Por último, uma observação sobre a Sociedade de hoje que vive talvez a situação paradoxal de parecer mais rica em bens materiais do que alguma vez o foi e, ao mesmo tempo, permanece tão dividida, conflitual e insatisfeita como em outras eras. As Religiões têm talvez o seu quinhão de responsabilidade nisto: imaginadas para gerar o Bem entre os indivíduos, têm contudo muitas vezes desencadeado ódios terríveis entre os povos. Os Estados, frequentemente alterados ao longo da história através de guerras e manobras de poder, contribuem para a distribuição de alguma justiça e bem-estar entre as suas populações, mas continuam a relacionar-se dificilmente entre si, como que guiados sempre por uma vontade de supremacia, em vez de uma maior cooperação e entreajuda. A Informação está hoje ao alcance de todos com as suas fantásticas potencialidades; aí vocês dominam melhor que nós, adultos, e podem ensinar-nos (ou, melhor: confrontar a vossa imaginação com a nossa experiência). A Economia é o mecanismo, hoje universal, que nos permite aspirar a um padrão de vida material confortável e assegurar uma melhor previsão para o futuro das nossas vidas pessoais. Porém, não tem superado por si só a enorme desigualdade na posse de bens existente entre ricos, pobres e remediados, seja entre países ou no interior de cada um deles. E em certos aspectos tem tido uma acção muito negativa sobre o ambiente natural, pelas poluições, urbanização excessiva e desperdícios nocivos com efeitos de longo prazo. Finalmente, resta a Ciência como suporte e motor de novas melhorias e utilidades para o conjunto das populações terrestres. Mas, como todas as outras, trata-se de uma actividade humana e assim sujeita aos seus melhores ou piores critérios, às possibilidades económicas e às decisões dos que detêm algum poder na Sociedade.

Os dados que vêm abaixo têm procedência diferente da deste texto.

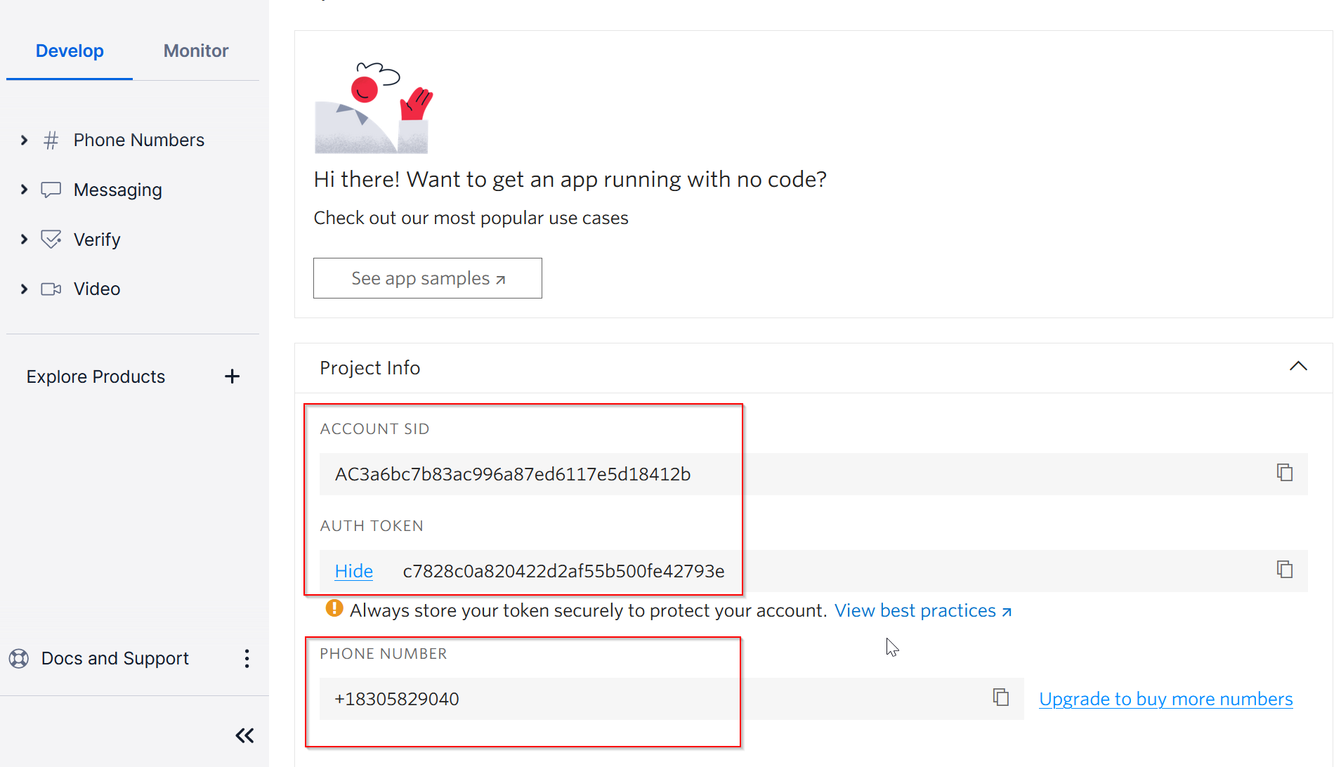 Copy out the ACCOUNT SID, AUTH TOKEN and PHONE NUMBER

Por tudo isto, cada ser humano – e, em particular, cada jovem deste início do século XXI – deve reclamar o direito de contribuir com a sua opinião, a sua inteligência e o seu trabalho para a construção de uma cidadania nacional e universal que, sempre em liberdade, dê melhores esperanças aos viventes actuais e aos que hão-de vir. Numa Terra mais sã, equilibrada, justa e segura. Cada um de nós é apenas como uma gota de água; mas de muitas gotas de água se forma um oceano.
JF / 21.Março.2015 – Primeira dia da Primavera
(Este texto é dedicado aos meus netos. Agradeço à Maria Luís, à Raquel, à Luísa, à Tuta, ao Víctor, à Isabel, à Teresa e à Margarida as observações que fizeram a uma versão inicial deste texto; e a esta última também a ajuda dada à sua difusão.)